Multiple sclerosis, often abbreviated to MS, is a neurological condition that affects the nerves in the brain and spinal cord (the central nervous system). 'Sclerosis' means scarring or hardening of tiny patches of tissue. 'Multiple' is added because this happens at more than one place in the brain and/or spinal cord. The damage to nerves seems to be due to the immune system mistakenly attacking the nerve coating which is made of a fatty protein called myelin.

MS is a lifelong condition. It is not fatal and most people with MS live about as long as everyone else. It is not infectious or contagious so it can't be passed on to other people like chicken pox or athlete’s foot.

MS is the most common condition of the central nervous system affecting young adults. Over 100,000 people in the UK have MS which is about one in every 600. It is nearly three times more common in women than in men. Most people are diagnosed in their 20s and 30s but it can be diagnosed in younger and older people.

There is a wide range of possible symptoms but most people experience only a small number around the time of diagnosis and won't go on to experience them all. The symptoms vary from one person to another and from day to day. This makes MS rather unpredictable.

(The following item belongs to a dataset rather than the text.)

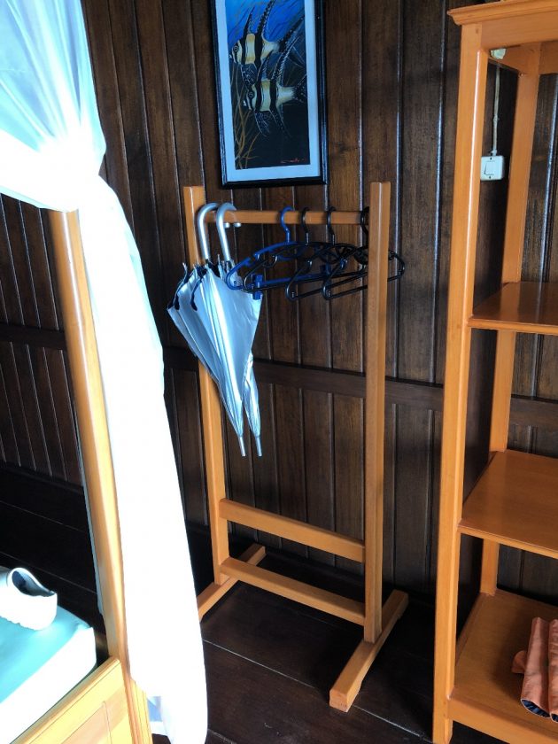 洋服掛け。にわか雨もよく降るので傘の準備もある。

Some of the most common symptoms around the time of diagnosis are fatigue (a kind of exhaustion which is out of all proportion to the task undertaken), stumbling more than before, unusual feelings in the skin (such as pins and needles or numbness), slowed thinking or problems with eyesight. All these symptoms can be symptoms of other conditions so it is important to see a health professional to get the correct diagnosis.

At the moment, there is no cure for MS but there is a wide range of possible treatments.